Erzurum Turkey to host World Mixed Doubles Curling Championships 2012
August 18, 2011
The World Curling Federation and the Turkish Ice Skating Federation (Turkish Curling Association) have announced that the World Mixed Doubles Curling Championship 2012 will be staged in Erzurum, Turkey.
The event will take place from 23-29 April at the 1000 seat Milli Piyango Curling Hall which was the purpose-built venue for the curling competition at the Winter Universiade in January 2011.
“The World Curling Federation is delighted to announce that the World Mixed Doubles Curling Championship will be held in Erzurum in 2012. Since The Turkish Curling Association joined WCF in 2009, Turkey has shown considerable commitment to the establishing the sport of curling in the country. Following on from the resounding success of the curling competition at the 2011 Winter Universiade, we expect the 2012 Mixed Doubles Championship to be another first class event,” said World Curling Federation President Kate Caithness.
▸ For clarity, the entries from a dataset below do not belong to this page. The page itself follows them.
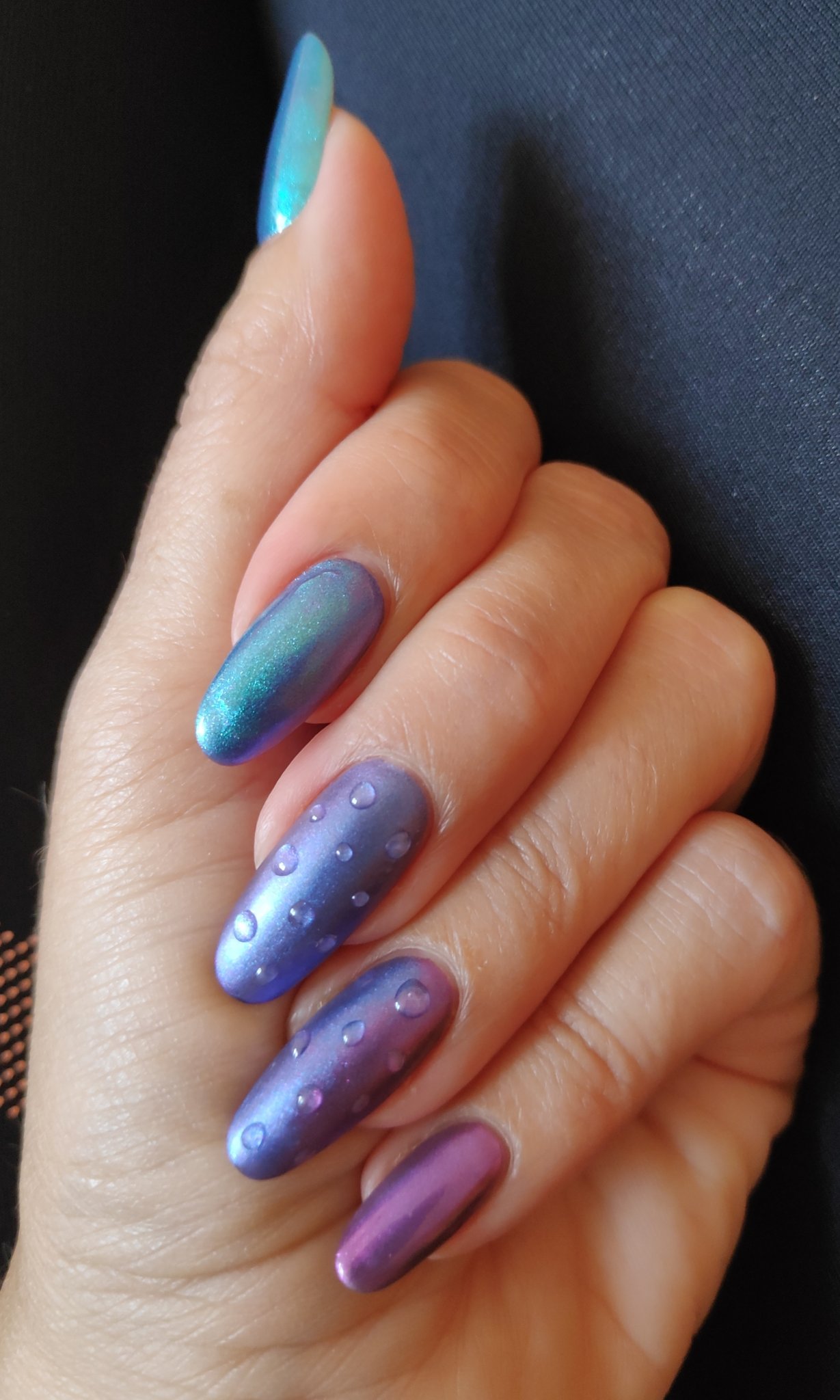 Аз съм правила много отдавна подобен с пигмент и релеф, но без да трия. Качвам само да ке види как е с матов топ. А капките са с по-гъст топ лак. Обаче аз пигментите съм ги слагала винаги върху черна основа. На това бледо розово не знам дали ще се виждат толкова добре цветовете.
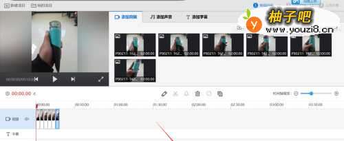 5再将我们添加的素材移动到下方进度条进行整理编辑
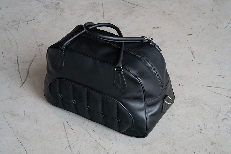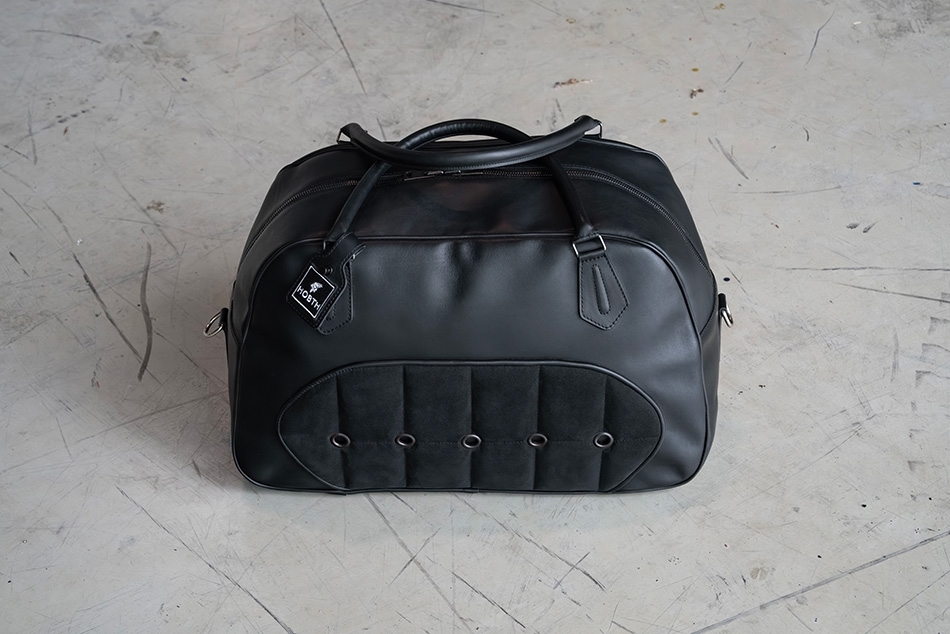 Inspiré par la mythique Ford GT40, ce sac week-end incarne l’esprit des voitures de course dans une pièce au caractère affirmé. La gamme SHELBY reprend les codes techniques et esthétiques de l’habitacle GT40, mêlant Alcantara, cuir, rivets métalliques et matelassage pour une signature visuelle à la fois sportive et élégante.
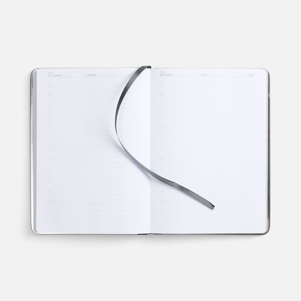Ежедневник с твердой обложкой и серебристым  обрезом блока. Выполнен из материала Nubuck, серый СС, дополнен серым ляссе и металлическими рамками с двух сторон обложки.
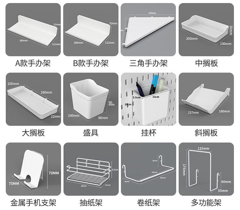 QINFENG desk study room storage perforated board storage rack no punching wall hanging dormitory computer desktop wall organizer artifact white extra large horizontal board 59cmx40cm 1 piece no Specifications
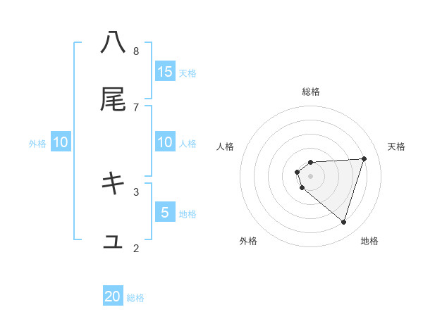 八尾 キュさんの天格は15画の4点!
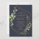 Copper Geometric Eucalyptus Blue Elegant Wedding Invitation
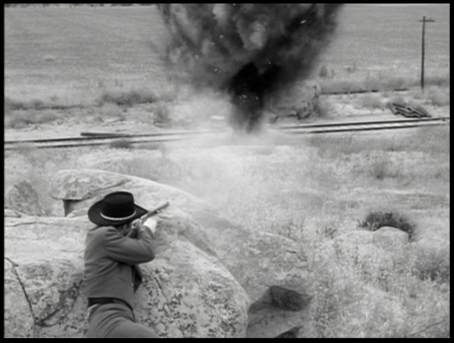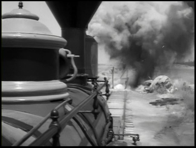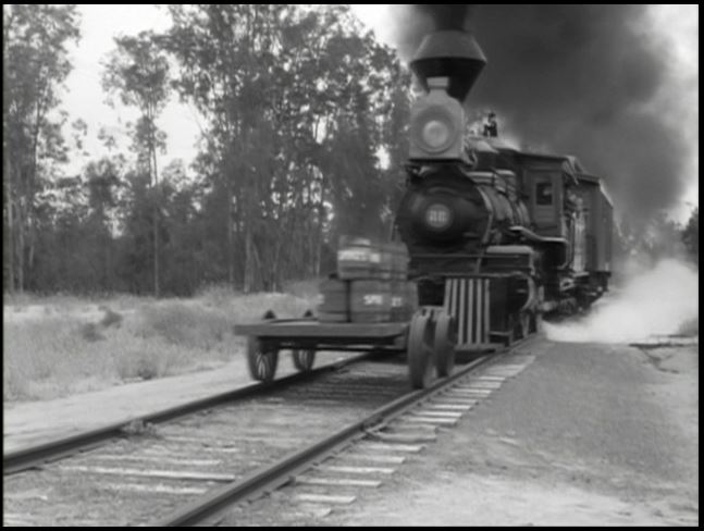 V&T #22 pushes the “bait” along — but the crooks have placed boxes of dynamite (you KNEW dynamite would be involved) next to the tracks — which a henchman proceeds to blow up with a rifle shot — to stop the train.
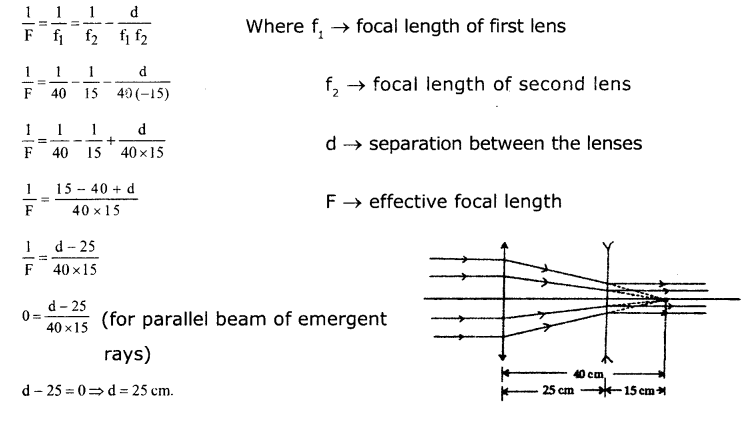 - light rays passing through focal point will emerge parallel to principal axis, the two lenses should be arranged as shown.

Fahrettin Kandemir President of the Turkish Ice Skating Federation (Turkish Curling Association) said: “We are very proud to be the host country of 2012 World Mixed Doubles Curling Championship. Curling has only been played in Turkey for two years and the Universiade 2011 was the very first international curling competition held in Erzurum. We have achieved very good results during these first two years for the development of curling known as ‘ice chess’ in Turkey. We strongly believe that organising these events serve to develop the sport further. We look forward to welcoming the curling family to Erzurum in April 2012.”
The 2012 World Mixed Doubles Curling Championship will be fifth event of its kind. Inaugurated in Vierumaki, Finland in 2008, the second world championship was held in Cortina d’Ampezzo, Italy in 2009. In 2010 the event was staged in Chelyabinsk, Russia and in 2011 it took place in St Paul, Minnesota in the United States.
Instead of playing in teams of four, mixed doubles curling is for teams of two players – one male and one female (no alternate/spare player is allowed).
- The game is played on the same sheets of ice as “traditional” curling.
- Teams have only six stones each (instead of eight) and one of those stones, from each team, is prepositioned on the centreline before each end of play starts.
- Player one delivers the first and last stones and player two plays the second, third and fourth stones. If they choose to, the two players may swap positions from one end to the next.
- Sweeping can be done by both team members.
- Each team receives 46 minutes of playing time and games are fixed at 8 ends – compared to 73 minutes and 10 ends for “traditional‟ curling.
In total 24 nations participated at the 2011 World Championship in St Paul (Australia, Austria, Canada, China, Czech Republic, Denmark, England, Estonia, Finland, France, Hungary, Italy, Japan, Korea, Latvia, New Zealand, Norway, Russia, Scotland, Slovakia, Spain, Sweden, Switzerland, and hosts USA).
In St Paul, Switzerland secured a third gold medal in the discipline (2008, 2009 & 2011) when Sven Michel and Alina Pätz beat Russia’s Alexey Tselousov and Alina Kovaleva in the final 11-2. France (Amaury Pernette and Pauline Jeanneret) beat Sweden (Anders and Sabina Kraupp) 9-7 to win the bronze medal.